If you can keep the 12-mile pickup as close to as written as possible, I would say that's probably the key workout of the week, and adjust around it. If that means you need to take Friday off, cool. If that means you swap Saturday and Sunday for this week to give yourself an extra day to recover, also cool.

And hey, training on tired legs is good practice for an ultra! 😆
 
It seemed like reffing made for pretty good cross-training for Dopey, right?
If by "good cross-training" you mean the only thing I did outside of about 30mi in December when basketball was on holiday break, then yes. :rotfl2:

So I definitely think it makes sense to swap out the runs on those days. Could you maybe do 8-10 miles on the 14th to give yourself an extra rest day on the 15th before two big referee days? Or is it better to run the day before a referee day?
That long run is mostly about timing. I *could* do the run while we are camping, but it's also for Fathers Day weekend and I would essentially be dipping out on helping keep an eye on our extremely social 5yo for 3 hours to go for this run. We come home on Sunday morning, and I could go run at my usual spot (with known elevation, distances, bathrooms, etc) after we got home and unpacked the camper. But I feel like if I'm going to ref for 7 hours on Monday and 6 hours on Tuesday that it definitely makes more sense to try to accomplish the long run on Saturday before basketball.
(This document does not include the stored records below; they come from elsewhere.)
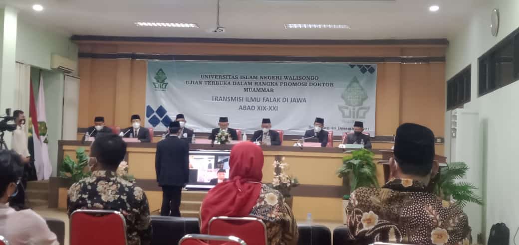 Semarang – Pengurus Lembaga Pendidikan Ma’arif NU PWNU Jawa Tengah Mu’ammar, berhasil mempertahankan disertasinya berjudul “Transmisi Ilmu Falak Di Jawa Abad XIX-XXI” pada Selasa (28/12/2021). Muammar berhasil mempertahakan disertasi itu di hadapan dewan penguji yaitu Prof. Dr. H. Imam Taufiq, M.Ag., Dr. H. M. Sulthon, M.Ag., Prof. Dr. H. Muslich, MA., Dr. H. Ahmad Izzudin, M.Ag., Prof. Dr. H. Susiknan Azhari, Drs. H. Slamet Hambali, M.S.I., Dr. H. Muhyar Fanani, M.Ag., dan Dr. Rokhmadi, M.Ag., pada Program Doktor Studi Islam Pascasarjana Universitas Negeri Walisongo Semarang.
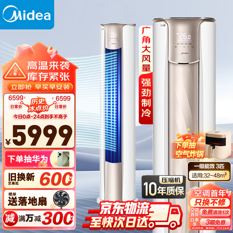 美的(Midea)锐静一级3匹空调变频柜机立式客厅冷暖两用制冷制热大风口空调家电以旧换新72VHC1Ⅱ【锐云升级】价格:5999.00元!
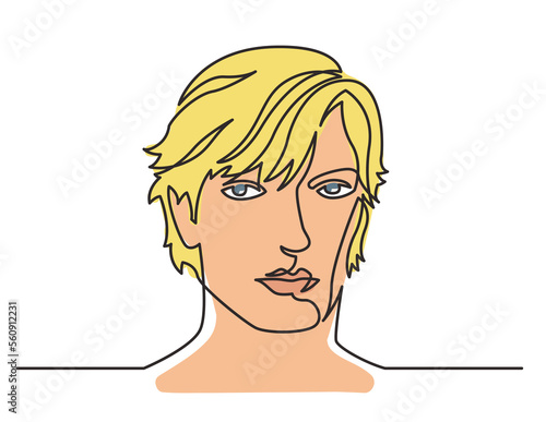 continuous line drawing long haired man portrait 3 colored - PNG image with transparent background
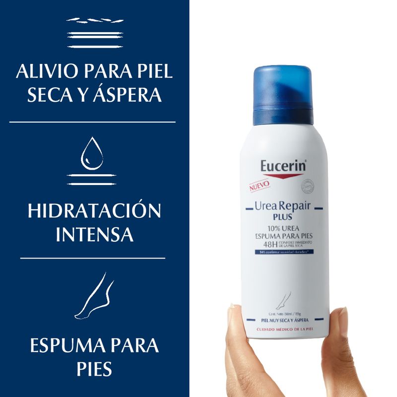 La Espuma para pies UreaRepair PLUS está probada con un 10% de Urea para hidratar intensamente la piel gruesa de los pies, revitalizar y fomentar la regeneración de la piel. Su fórmula también contiene Ceramidas, ingredientes que fortalecen la barrera de la piel, ayudando a prevenir la pérdida de hidratación. Brinda alivio inmediato por 48 horas. Su textura ultraligera se absorbe rápidamente, sin dejar una sensación grasa ni pegajosa. Tiene un agradable aroma y es ideal para pieles muy secas o ásperas.
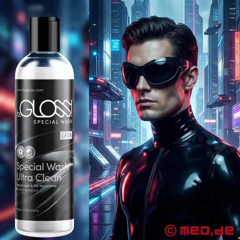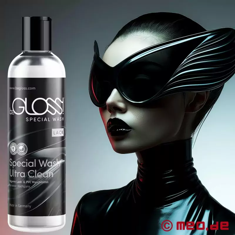 το beGLOSS® Special Wash™ είναι ένα vegan καθαριστικό μέσο για εσώρουχα από βινύλιο, PVC και με εμφάνιση βινυλίου. Αφαιρεί απαλά, γρήγορα και αποτελεσματικά τους ρύπους και τις δυσάρεστες οσμές, υποστηρίζει τη φροντίδα των ερωτικών ενδυμάτων, των εσωρούχων, των εσωρούχων και των αξεσουάρ, συμβάλλει στη διατήρηση της ελαστικότητας του υλικού και μπορεί να προστατεύσει το υλικό από το ράγισμα. Κατασκευάζεται στη Γερμανία.

For the post-referee days, I would probably take Thursday off rather than Friday, or at least modify Thursday so you're doing fewer reps. (Or you could do Friday's run on Thursday if that works better.) If you're tired, better to stick with easy running than to try to do a workout. And I would imagine (but you can tell me if I'm wrong) that reffing has some fast "intervals" in it already, so you'd have that part covered, even if they're not actually a full minute most of the time.
That makes sense. And dialing things back to easy has always been my fallback (probably to the detriment of improving or even maintaining any sort of "speed") so that's a good thing to keep in mind.

If you can keep the 12-mile pickup as close to as written as possible, I would say that's probably the key workout of the week, and adjust around it. If that means you need to take Friday off, cool. If that means you swap Saturday and Sunday for this week to give yourself an extra day to recover, also cool.
I don't wanna be cool! I wanna be prepared! But also not injured. Because injuries suck.
And hey, training on tired legs is good practice for an ultra! 😆
I've already informed DH that I will likely be a gelatinous mass on Tuesday night. Gonna feel like post-Dopey legs on not-nearly-enough training.
 
If by "good cross-training" you mean the only thing I did outside of about 30mi in December when basketball was on holiday break, then yes. :rotfl2:
And you finished and didn't die! So that seems like a win. 😂

That long run is mostly about timing. I *could* do the run while we are camping, but it's also for Fathers Day weekend and I would essentially be dipping out on helping keep an eye on our extremely social 5yo for 3 hours to go for this run.
As not-a-parent, I have absolutely no comment on parenting necessities and you should do whatever you have to do in that regard!🤐

I don't wanna be cool! I wanna be prepared! But also not injured. Because injuries suck.
I mean, I wouldn't move everything around and change things every week if you can avoid it. But one week will not hurt you. And the 7-hour ref day could be a good opportunity to practice your fueling for the race, too, so it's just a different type of training.